The creation of a DNA double strand break constitutes the most dangerous type of DNA damage. Inefficient response to DNA damage may lead to hypersensitivity to cellular stressors, susceptibility to genomic defects and resistance to apoptosis, which can lead to cancer. Current research on DNA repair has enabled numerous breakthroughs in our understanding of the DNA repair mechanisms at the population level. However, population level measurements by nature have two fundamental shortcomings: First, they are only sensitive to the mean of a distribution and usually hide the standard deviation and the cell-to-cell variability of the repair processes. Second, the population level measurements do not visualize the repair process and therefore the exact mechanism by which the donor and recipient sequences are brought together is not well understood. Single cell visualization of DNA repair in vivo is a powerful new technique, which addresses both of these aspects. Because quantitative understanding of the DNA repair mechanism at the level of single cells has been lacking, the impact of epigenetic individuality on DNA repair has also been ignored. To proceed further it is critical to acknowledge that cells even in genetically identical population exhibit individuality, which has important implications on the fitness of a population.
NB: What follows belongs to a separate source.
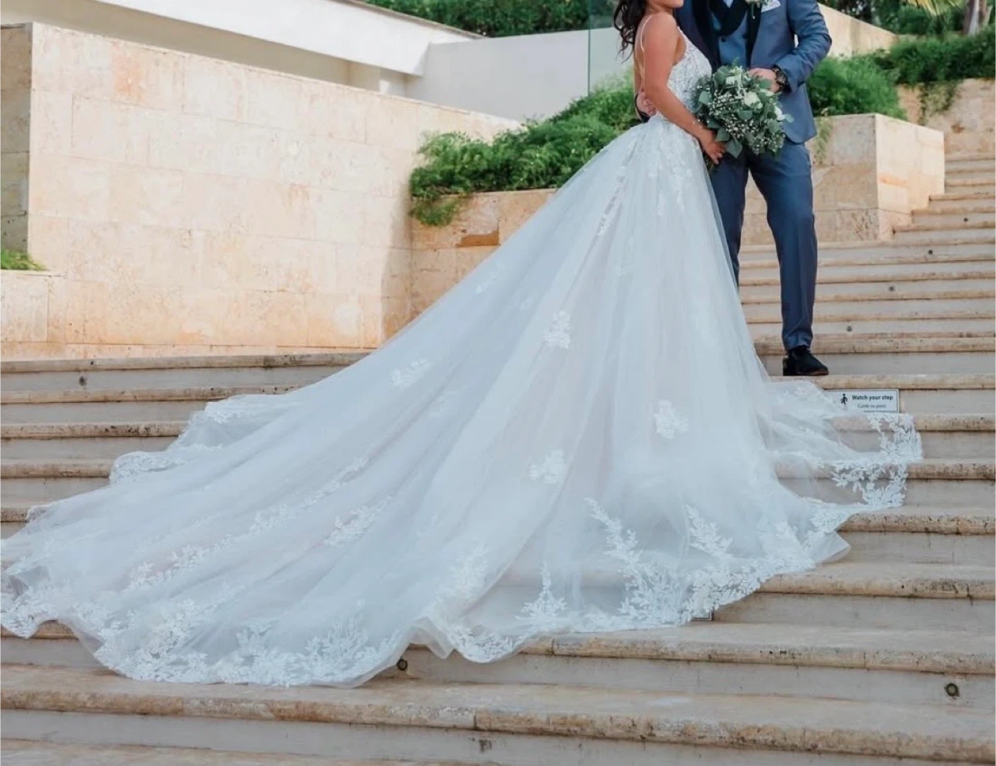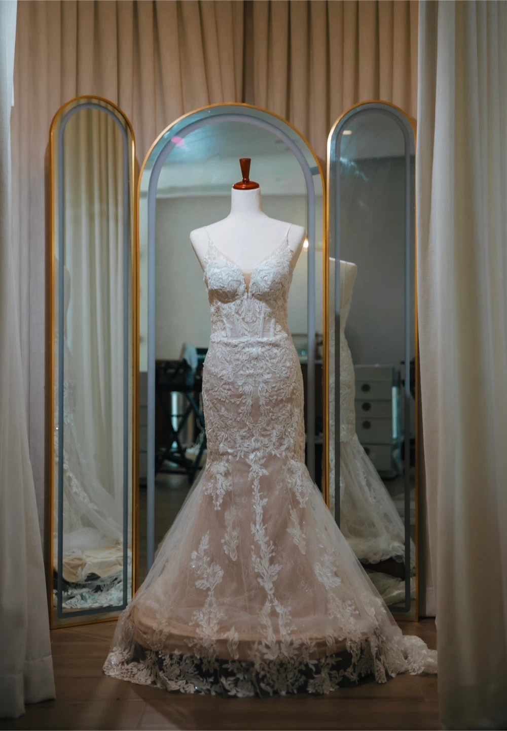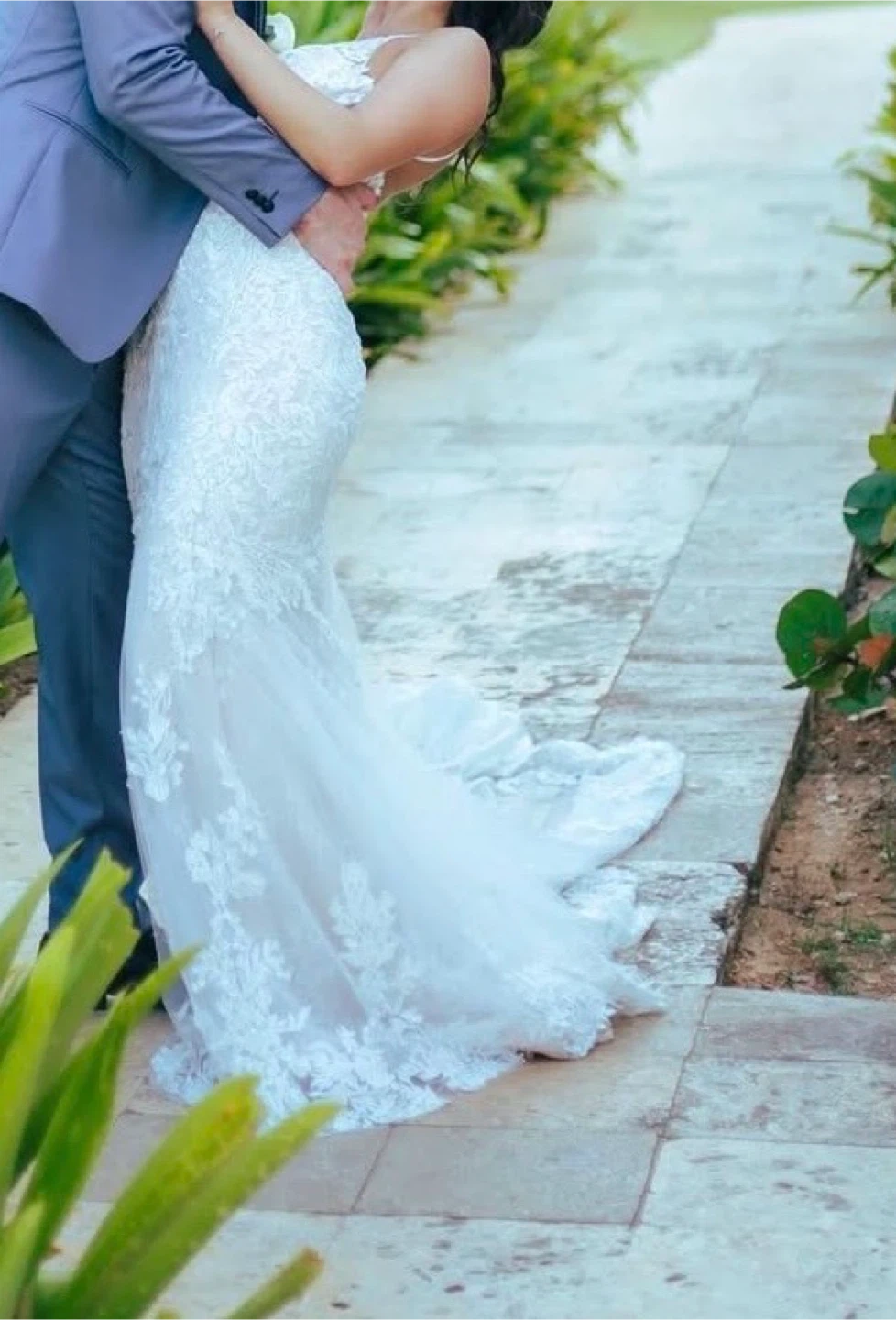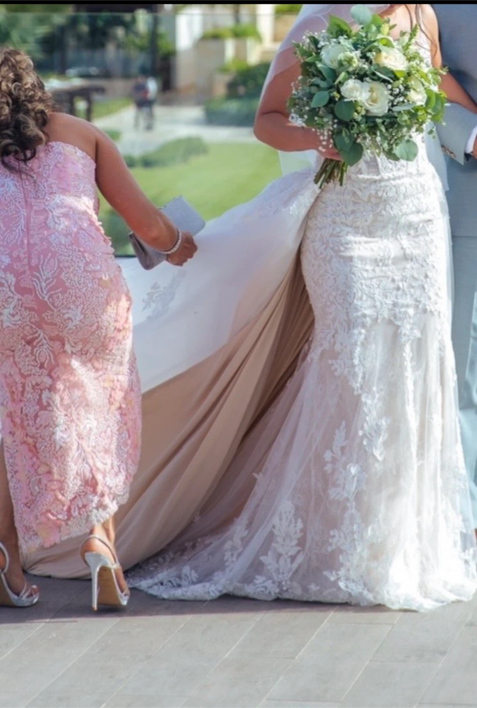 2 in 1 lace mermaid wedding dress with a sweetheart neckline and a dramatic train. Intricate floral lace detailing throughout. Lace-trimmed hem. Fully lined. (detachable over skirt)

My lab utilizes a multidisciplinary approach, to understand the mechanism of DNA repair during the mating type switching in yeast. By fluorescently tagging several locations of DNA (Fig. 1), we visualize the dynamics of yeast chromosome III, during and after the formation of a very well defined double-strand break. Additionally by tagging several key proteins involved in the repair process, the exact timing of the repair can be quantitatively measured. These quantitative measurements will be used to formulate a predictive mathematical model of the repair process, based on polymer models of chromosomes.

We use a microfluidic device to enable rapid exchange of different media over the cells, thereby allowing precise regulation of the cells microenvironment (in collaboration with Amy Rowat from David Weitz's lab at Harvard University) (Fig. 2). My lab is actively collaborating with the Haber Laboratory (Biology, Brandeis).

Figure 1 

Figure 1: Chromosome III of yeast is tagged in 2 different locations
The DNA dynamics during the repair is visualized by inserting arrays of LacO binding LacI-GFP at sequences near the donor and recipient DNA.

Figure 2

Figure 2: The Progeny chamber
The progeny of a single cell grow in the channels. The depth of the channels and the size of the cells are comparable (5 mm) and therefore cells do not grow out of focus, which allows for long-term microscopy over many cellular generations. The cells grow with doubling time of approximately 90 minutes, which is consistent with the bulk growth rate measurement and demonstrates optimal growth conditions.